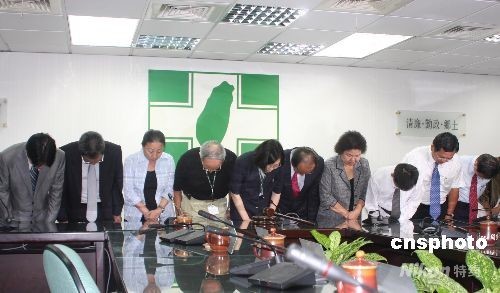 迫于島內(nèi)公眾壓力,臺(tái)灣地區(qū)卸任領(lǐng)導(dǎo)人陳水扁十五日下午發(fā)表書面聲明表示其夫婦退出民進(jìn)黨,民進(jìn)黨傍晚召開臨時(shí)中常會(huì),會(huì)后黨主席蔡英文宣讀聲明稿,表示接受陳水扁夫婦退黨,并帶領(lǐng)所有中常委透過媒體向公眾鞠躬道歉。 中新社發(fā) 曾嘉 攝
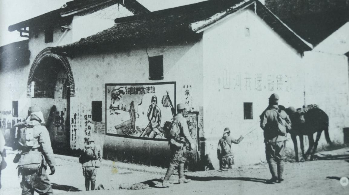 △廣東省韶關市翁源縣官渡鎮,日軍拍攝到的抗戰標語:“貢獻國家一升糧,就增抗戰一分力!”
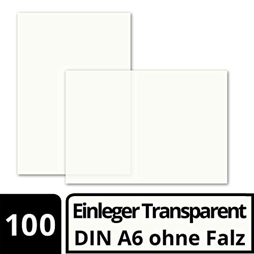 Inserimento della carta, trasparente Bianco, DIN A6 103 X 146 mm senza inserto Falzung (Semplice)//Carta di alta qualità con 92 G/M²//con regalo dalla collezione colori vivaci. A6 bianco trasparente
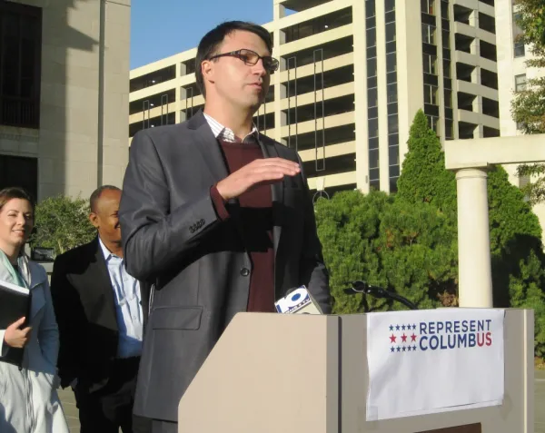 Supporters of Represent Columbus gathered for a press conference outside City Hall on October 19.
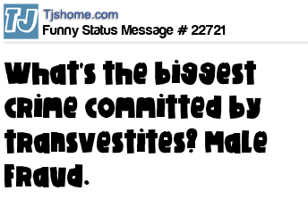 X What's the biggest crime committed by transvestites? Male Fraud.
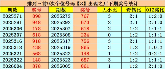 个位号码:上期奖号为大号、偶数、2路号码:8,历史上个位号码8共开出767期,前一次出现在第2026004期,上期遗漏1期再出。
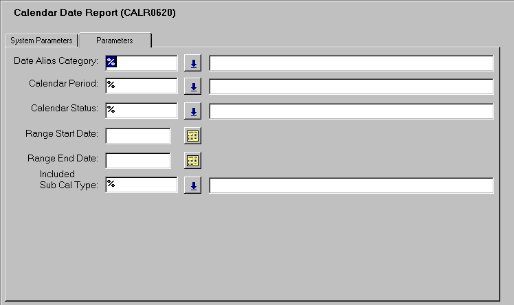 The parameters for this job are used to refine the data set produced in the report. The Start and End date range selects ALL calendar instances whose:

-=-=-=-=-

(WHAT THE TASK REQUIRES)
Give back the material exactly as written, from its first line to the line that contains "X What's the", and leave out the pictures.

(TASK ANSWER)
 迫于島內(nèi)公眾壓力,臺(tái)灣地區(qū)卸任領(lǐng)導(dǎo)人陳水扁十五日下午發(fā)表書面聲明表示其夫婦退出民進(jìn)黨,民進(jìn)黨傍晚召開臨時(shí)中常會(huì),會(huì)后黨主席蔡英文宣讀聲明稿,表示接受陳水扁夫婦退黨,并帶領(lǐng)所有中常委透過媒體向公眾鞠躬道歉。 中新社發(fā) 曾嘉 攝
 △廣東省韶關市翁源縣官渡鎮,日軍拍攝到的抗戰標語:“貢獻國家一升糧,就增抗戰一分力!”
 Inserimento della carta, trasparente Bianco, DIN A6 103 X 146 mm senza inserto Falzung (Semplice)//Carta di alta qualità con 92 G/M²//con regalo dalla collezione colori vivaci. A6 bianco trasparente
 Supporters of Represent Columbus gathered for a press conference outside City Hall on October 19.
 X What's the biggest crime committed by transvestites? Male Fraud.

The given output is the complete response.